PDF(Pubmed)
Abstract:
Epidermolysis bullosa acquisita (EBA) is a muco-cutaneous autoimmune disease characterized and caused by autoantibodies targeting type VII collagen (COL7). The treatment of EBA is notoriously difficult, with a median time to remission of 9 months. In preclinical EBA models, we previously discovered that depletion of regulatory T cells (Treg) enhances autoantibody-induced, neutrophil-mediated inflammation and blistering. Increased EBA severity in Treg-depleted mice was accompanied by an increased cutaneous expression of interferon gamma (IFN-γ). The functional relevance of IFN-γ in EBA pathogenesis had been unknown. Given that emapalumab, an anti-IFN-γ antibody, is approved for primary hemophagocytic lymphohistiocytosis patients, we sought to assess the therapeutic potential of IFN-γ inhibition in EBA. Specifically, we evaluated if IFN-γ inhibition has modulatory effects on skin inflammation in a pre-clinical EBA model, based on the transfer of COL7 antibodies into mice. Compared to isotype control antibody, anti-IFN-γ treatment significantly reduced clinical disease manifestation in experimental EBA. Clinical improvement was associated with a reduced dermal infiltrate, especially Ly6G+ neutrophils.
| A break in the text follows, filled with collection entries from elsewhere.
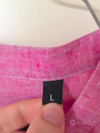 Camicia Gianni Lupo rosa in lino e cotone a maniche lunghe in ottime condizioni. Misure= lunghezza: 73 cm; spalle: 47 cm.
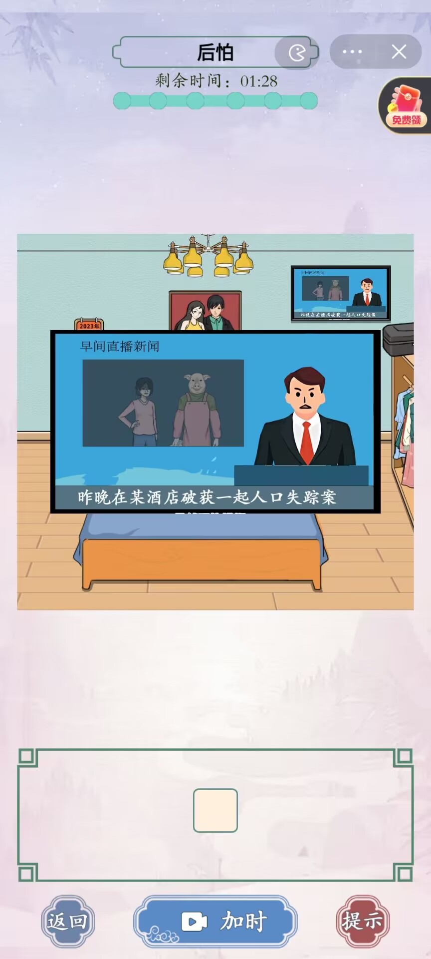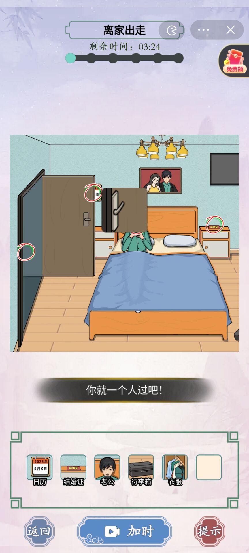 2、再点击床头柜上的结婚证;
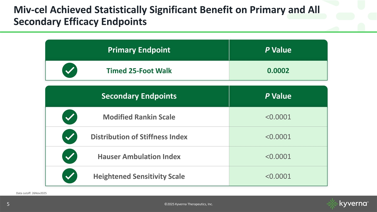 Kyverna’s Leadership in Autoimmune CAR T: Miv-cel’s Transformative Impact in SPS SPS is a debilitating, progressive autoimmune disease with no FDA-approved therapies and significant unmet medical need Miv-cel achieved statistically significant clinical benefit across all primary and secondary endpoints, reversing disability scores; patients remained free of immunotherapies as of last follow up; data supports BLA submission expected in 1H 2026 FIRST completed registration-enabling CAR T trial for autoimmune disease could pave the way for miv-cel to become the FIRST and ONLY approved therapy in SPS and CAR T-cell therapy for autoimmune disease Valuable commercial opportunity in SPS, supported by attractive market dynamics and focused commercialization strategy First-to-market opportunity in SPS lays foundation for expansion into broader indications ©2025 Kyverna Therapeutics, Inc. 4 CAR, chimeric antigen receptor.
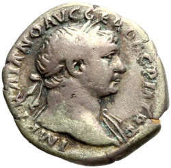 IMP TRAIANO AVG GER DAC P M TR P, Bust of Trajan, laureate, draped on left shoulder, right
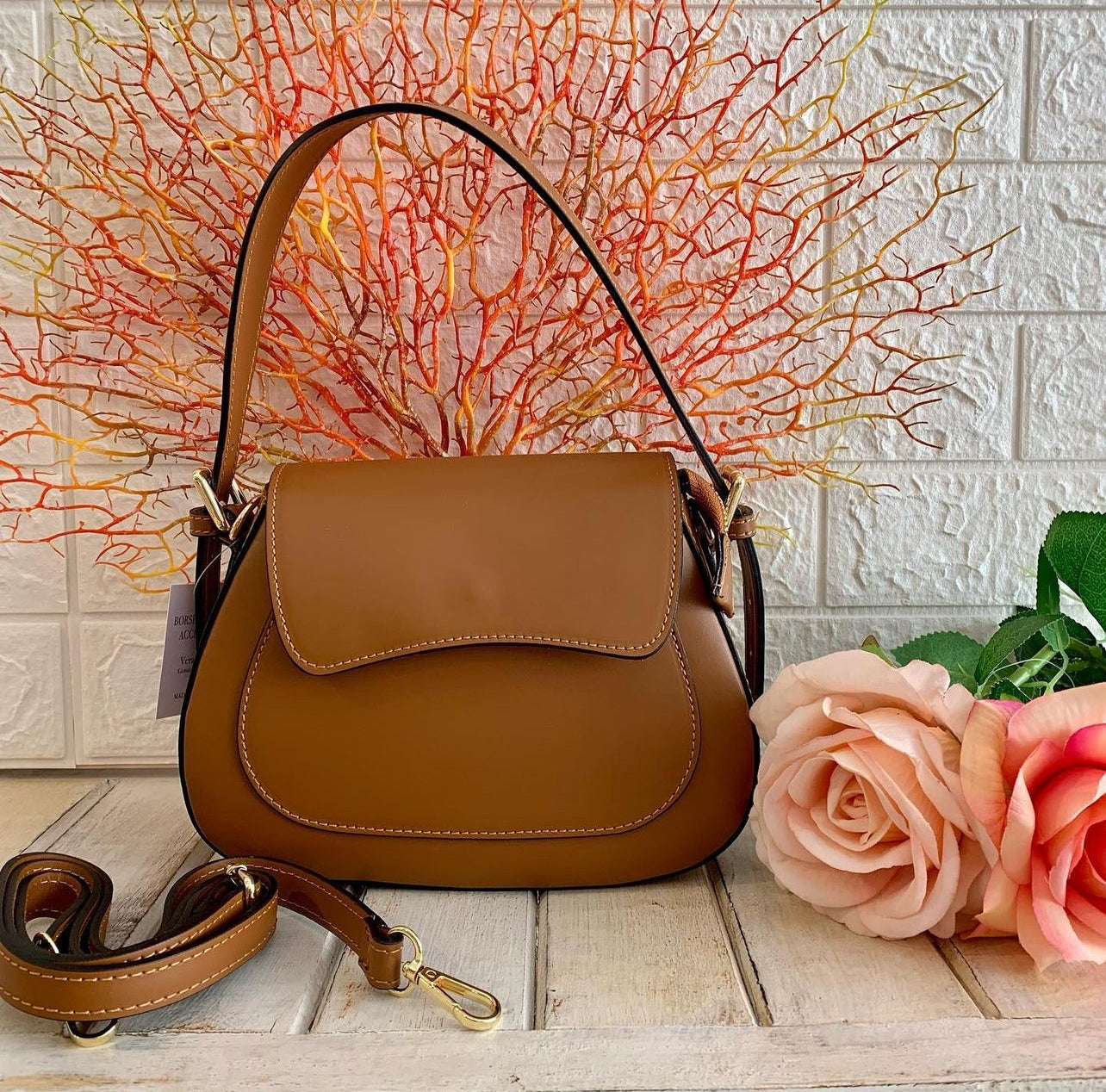 This beautiful bag is made in Florence-Italy from quality Italian leather. Soft and vibrant colors with golden finish details. You will easily feel the softness of the material as it is very pleasant to the touch. Very flexible and lightweight leather! The shape of this bag is unique as a local product very rare to find it in other retail store!
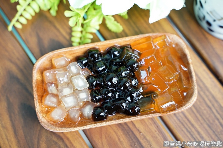 方形珍珠是粉角,有Q又帶嚼勁,黑珍珠比較是吃原味不會太甜。此外他們還有自製金磚(茶凍)可以加點,有淡淡的茶香QQ嫩嫩的
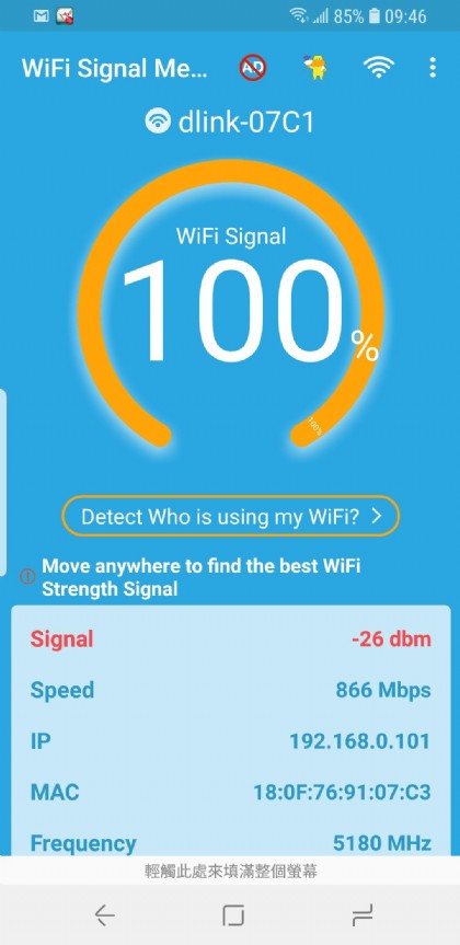 首先我們只使用單台主機,可看到在靠近主機附近訊號狀況極佳,由下圖可看到連線到 5GHz 波段,最高頻寬達 866Mbps:
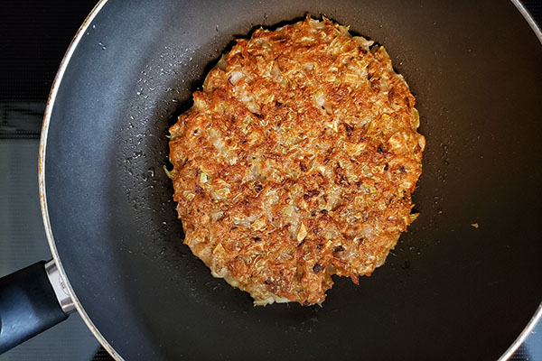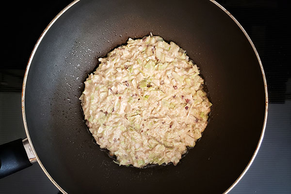 - Heat up a non-stick pan or something similar at medium heat. Pour 2 tsp neutral oil and add a 1/4 of the batter. Spread out to make about 1-inch-thick round. Cook for 8-10 minutes. Watch the heat to avoid burning.
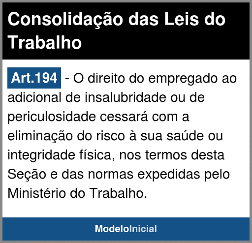 Art.194 - O direito do empregado ao adicional de insalubridade ou de periculosidade cessará com a eliminação do risco à sua saúde ou integridade física, nos termos desta Seção e das normas expedidas pelo Ministério do Trabalho.
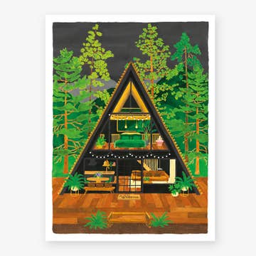 This listing features the Mountain A-Frame 8x10 Print. Printed on recycled cream colored speckle-tone card stock. This poster was inspired by mid-century architecture, illustrated in a modern minimalistic style. Frame not included. This poster is designed and printed in Michigan, on recycled Michigan made paper. Packaged in a certified compostable Eco Bag.
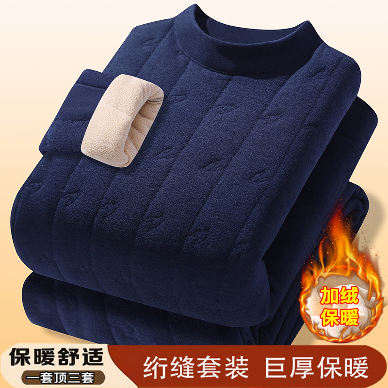 2024新型ビジネス徳絨秋衣秋ズボン加毛保温下着男性スーツ
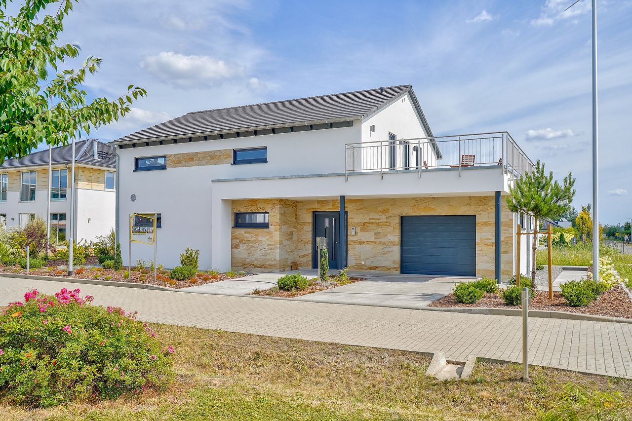 Herzlich willkommen bei STREIF in Werder, das neue Musterhaus von STREIF in Werder punktet mit einer modernen Gebäudearchitektur, einer gehobenen Ausstattung und einer innovativen Haustechnik. In der Architektur des Energiesparhauses schmiegt sich die Garage ans Haus an.

On the molecular level, we noted few changes. Apart from reduced CXCL1 serum concentrations, which has been demonstrated to promote skin inflammation in EBA, the expression of cytokines was unaltered in the serum and skin following IFN-γ blockade. This validates IFN-γ as a potential therapeutic target in EBA, and possibly other diseases with a similar pathogenesis, such as bullous pemphigoid and mucous membrane pemphigoid.
摘要:
大疱性表皮松解症(EBA)是一种粘膜皮肤自身免疫性疾病,其特征是由靶向VII型胶原蛋白(COL7)的自身抗体引起。EBA的治疗是出了名的困难,中位缓解时间为9个月。在临床前EBA模型中,我们之前发现,调节性T细胞(Treg)的消耗增强了自身抗体诱导的,中性粒细胞介导的炎症和起泡。Treg耗竭小鼠中EBA严重程度的增加伴随着干扰素γ(IFN-γ)皮肤表达的增加。IFN-γ在EBA发病机制中的功能相关性尚不清楚。鉴于emapalumab,抗IFN-γ抗体,被批准用于原发性噬血细胞性淋巴组织细胞增生症患者,我们试图评估EBA中IFN-γ抑制的治疗潜力。具体来说,我们评估了IFN-γ抑制是否对临床前EBA模型中的皮肤炎症有调节作用,基于COL7抗体转移到小鼠体内。与同种型对照抗体相比,抗IFN-γ治疗可显着降低实验性EBA的临床疾病表现。临床改善与皮肤浸润减少有关,尤其是Ly6G+中性粒细胞.在分子水平上,我们注意到几乎没有变化。除了降低CXCL1血清浓度外,已被证明可以促进EBA的皮肤炎症,IFN-γ阻断后,血清和皮肤中细胞因子的表达没有改变。这证实了IFN-γ作为EBA的潜在治疗靶点,可能还有其他发病机制相似的疾病,如大疱性类天疱疮和粘膜类天疱疮。